Significant properties are properties of digital objects or files which are considered to be essential for their interpretation, rendering or meaningful access. One of the aims of digital preservation is to make sure we don’t lose or corrupt these properties through our preservation actions, especially migration. For this particular project, we want to be assured that a Xena normalisation has not affected the significant properties of our electronic records.

Much has been written on this complex subject. Significant properties are to do with preserving the “performance” and continued behaviour of an object; they aren’t the same thing as the technical metadata we’ve already assessed, nor the same as descriptive metadata. For more information, see The InSPECT project, which is where we obtained advice about significant property elements for various file formats and digital object types.

However, the guidance we used for significant properties of document types was Document Metadata: Document Technical Metadata for Digital Preservation, Florida Digital Archive and Harvard University Library, 2009.

To summarise it, Florida and Harvard suggest we should be interested in system counts of pages, words, paragraphs, lines and characters in the text; use of embedded tables and graphics; the language of the document; the use of embedded fonts; and any special features in the document.

When normalising MS Office documents to Open Office, the Xena process produces a block of code within the AIP wrapper. I assume the significant properties of the documents are somewhere in that block of code. But we can’t actually view them using the Xena viewer.

We can however view the properties if we look at the end of the chain of digital preservation, and go to the DIP. For documents, The Open Office rendering of a Xena AIP has already been shown to have retained many of the significant properties of the original MS Word file. (See previous post). The properties are visible in Open Office, via File, Properties, Statistics:

The language property of the document is visible in Tools, Options, Language Settings (see image below). I’m less certain about the meaning or authenticity of this, and wonder if Open Office is simply restating the default language settings of my own installation of Open Office; whereas what we want is the embedded language property of the original document.

The other area Open Office fails to satisfy us is with the embedded fonts.
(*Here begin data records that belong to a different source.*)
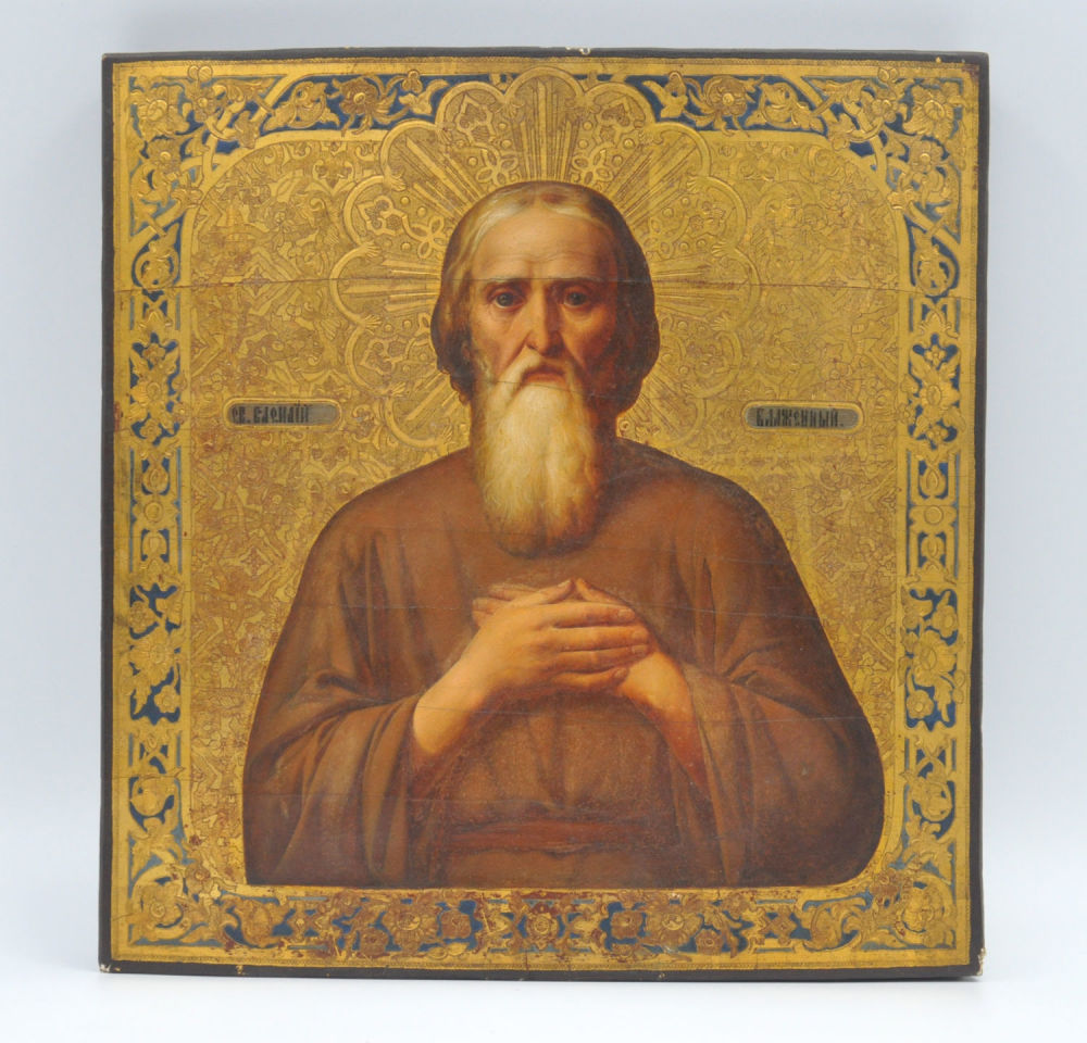 О, блаже́нная душе́, о прему́дрости испо́лненный ра́зуме: возсия́ бо на́м светонезаходи́мое со́лнце весе́лия, просвеща́я Росси́йское Ца́рство: от бесо́в уя́звленных исцели́тель, па́че же и сами́х бесо́в прогони́тель, слепы́м прозре́ние, хромы́м хожде́ние, сля́ченным исправле́ние, боля́щим все́м исцеле́ние и здра́вие: от бе́д и скорбе́й избавле́ние, печа́льным утеше́ние.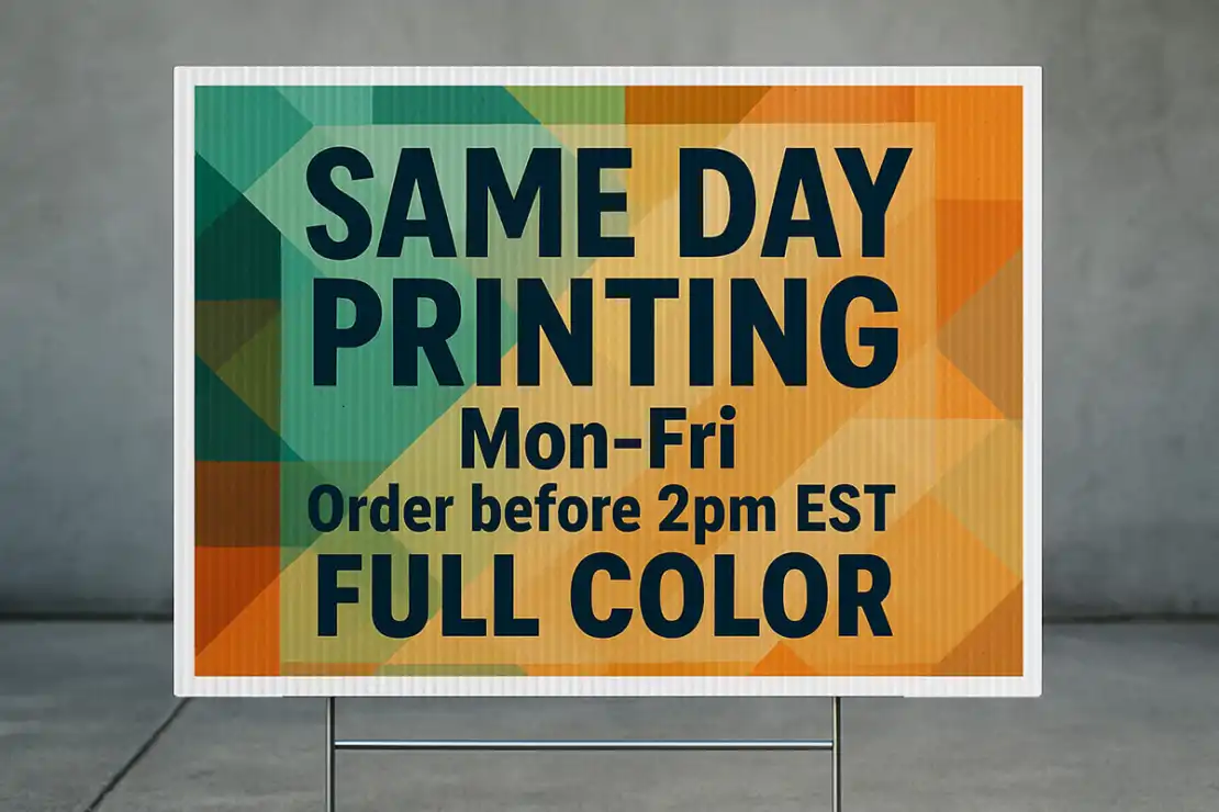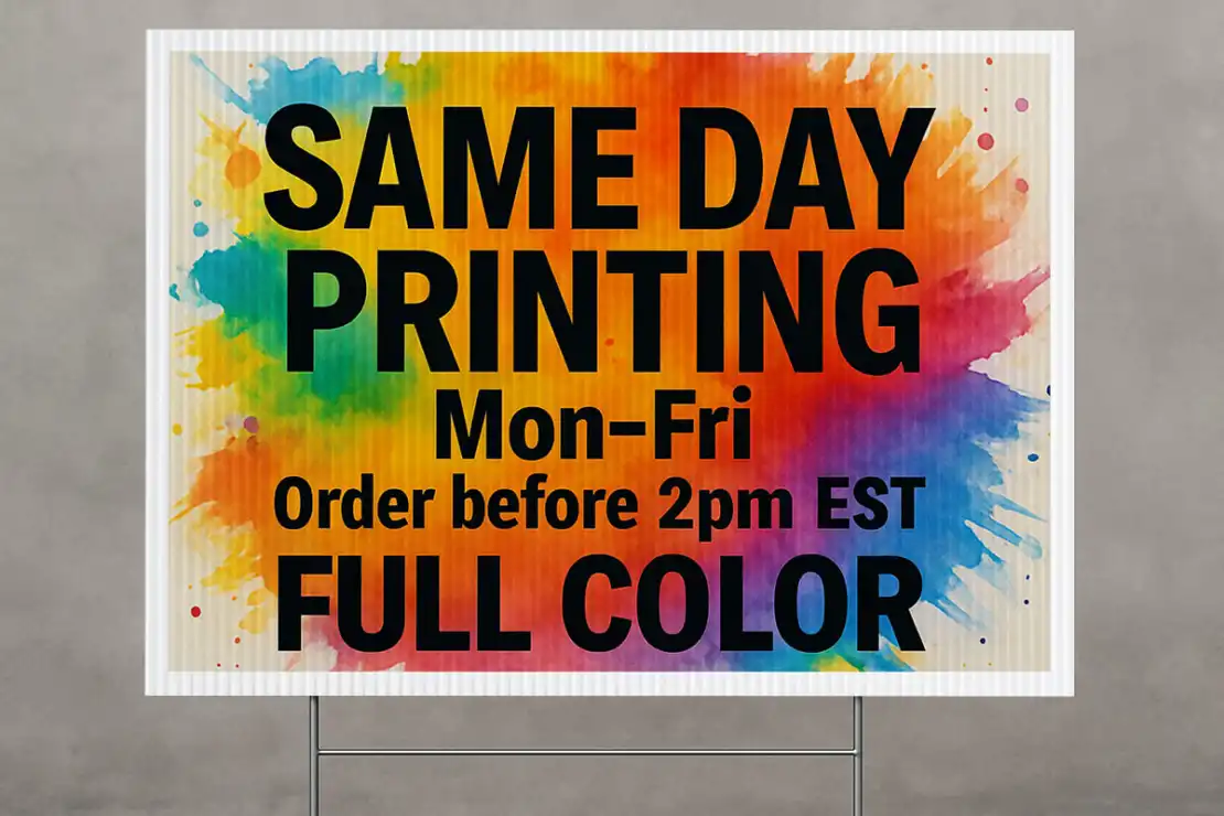 Need your signs fast? We've got you covered. Our Same Day Yard Signs are perfect for last-minute events, promotions, real estate listings, political campaigns, and anything else that can't wait. Place your order before 2pm EST, and we'll print and ship your signs the same day! Combine same day printing with expedited shipping and you can receive your order in as little as 1 business day! In store pick up is also available in Tampa, FL. All orders placed after 2pm EST Monday through Friday will be scheduled for the next business day. We print in full color on durable corrugated plastic using high-quality inks for long-lasting outdoor performance. Signs are available in multiples of 10 only with a maximum quantity of 150.
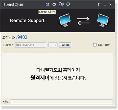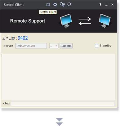 2. 아래와 같이 "Seetrol Client"프로그램이 실행되면 상담원에게 고객님 아이디를 말해줍니다.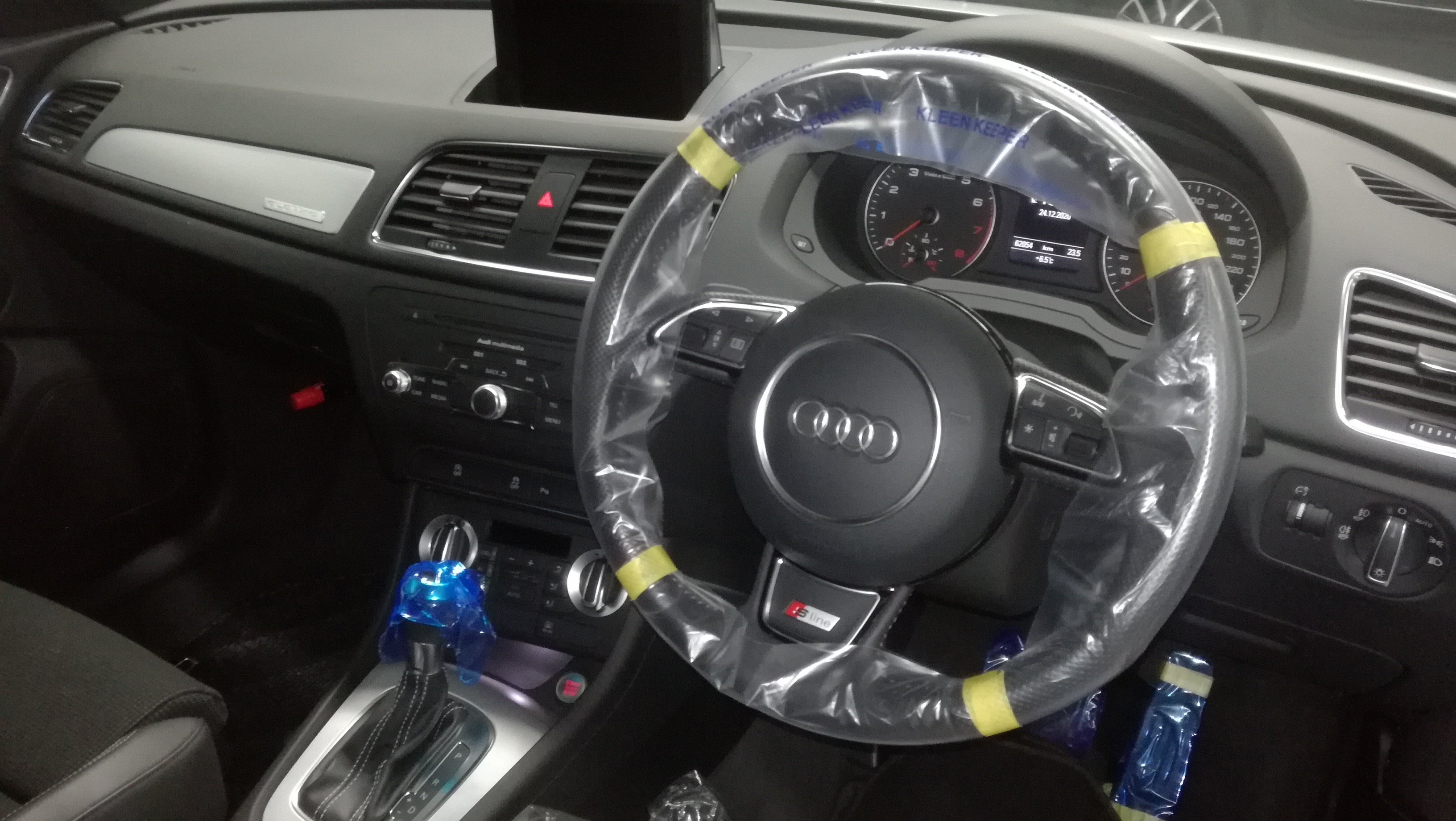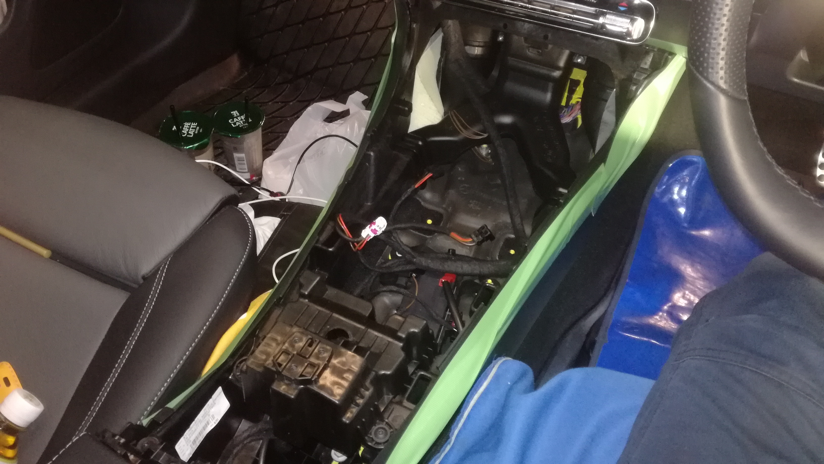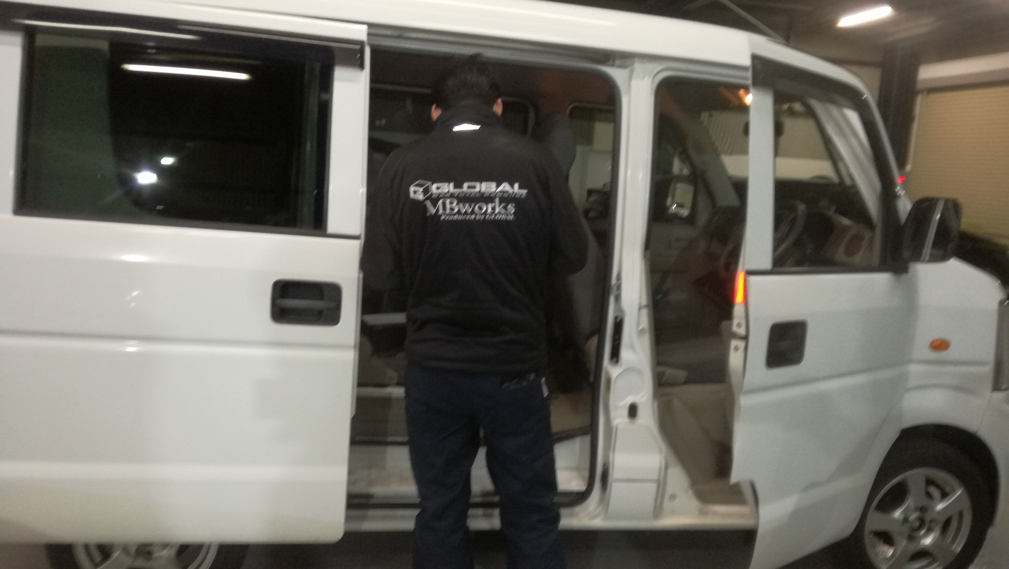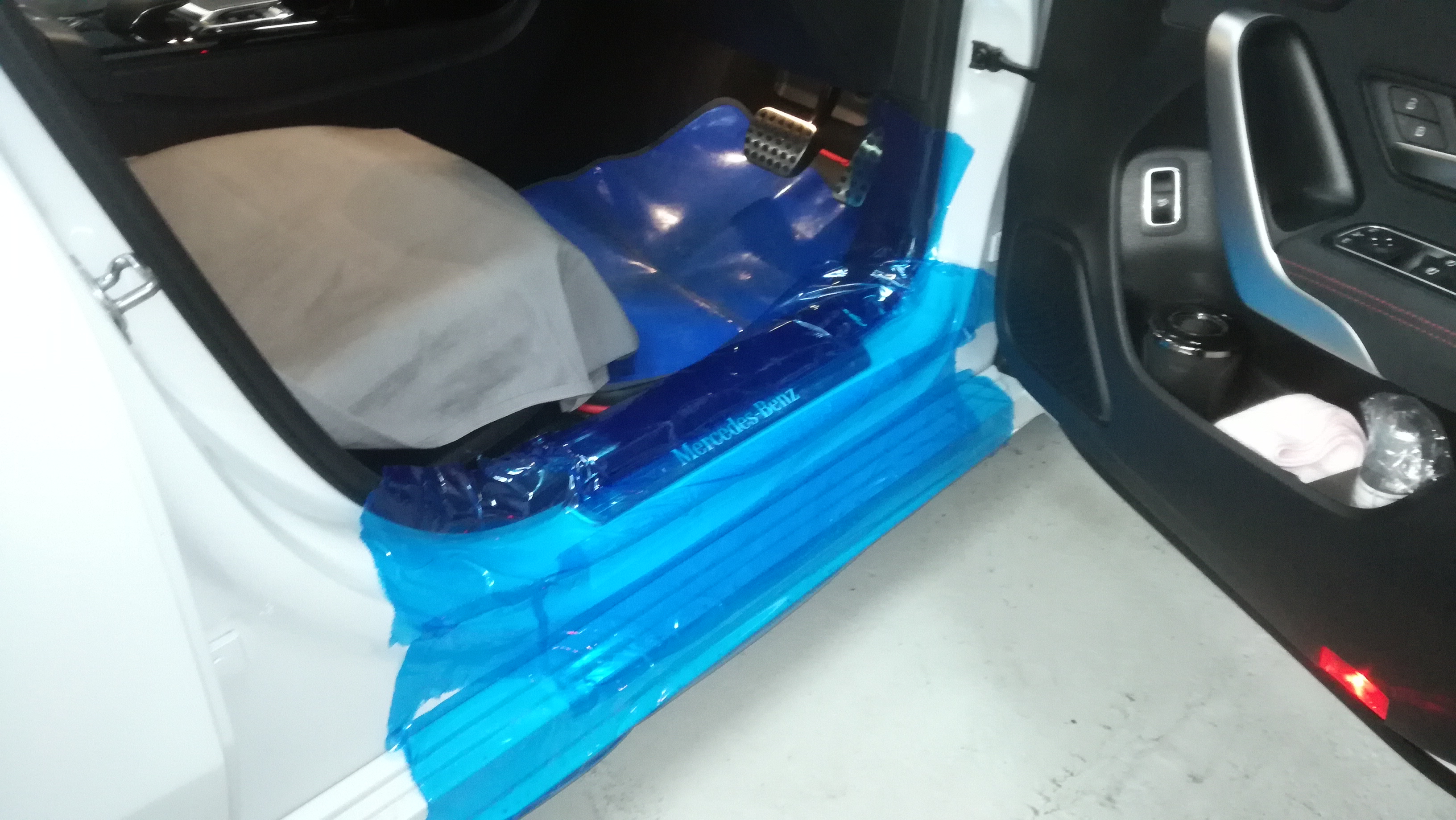 作業にあたり養生からスタート、右フロントシート下での作業が必要になるのでシートの脱着

However, these features are more normally associated with PDF files, which depend for their portability success on embedding fonts as part of their conversion process.

For our project, what we could do is take the Open Office normalisation and use the handy Open Office feature, a magic button which can turn any of its products into a PDF.

We could use the taskbar button to do this, but I’d rather use File, Export as PDF. (See screenshot below.) This gives me the option to select PDF/A-1a, an archival PDF format; and lossless compression for any images in the document. Both those options will give me more confidence in producing an object that is more authentic and can be preserved long-term.

This experiment yields a PDF with the following significant properties about the embedded fonts:

These are the Document Property fields which Adobe supports.

The above demonstrates how, in the chain of transformation from MS Word > Xena AIP > Open Office equivalent > Exported PDF, these significant properties may not be viewable all in one place, but they do survive the normalisation process.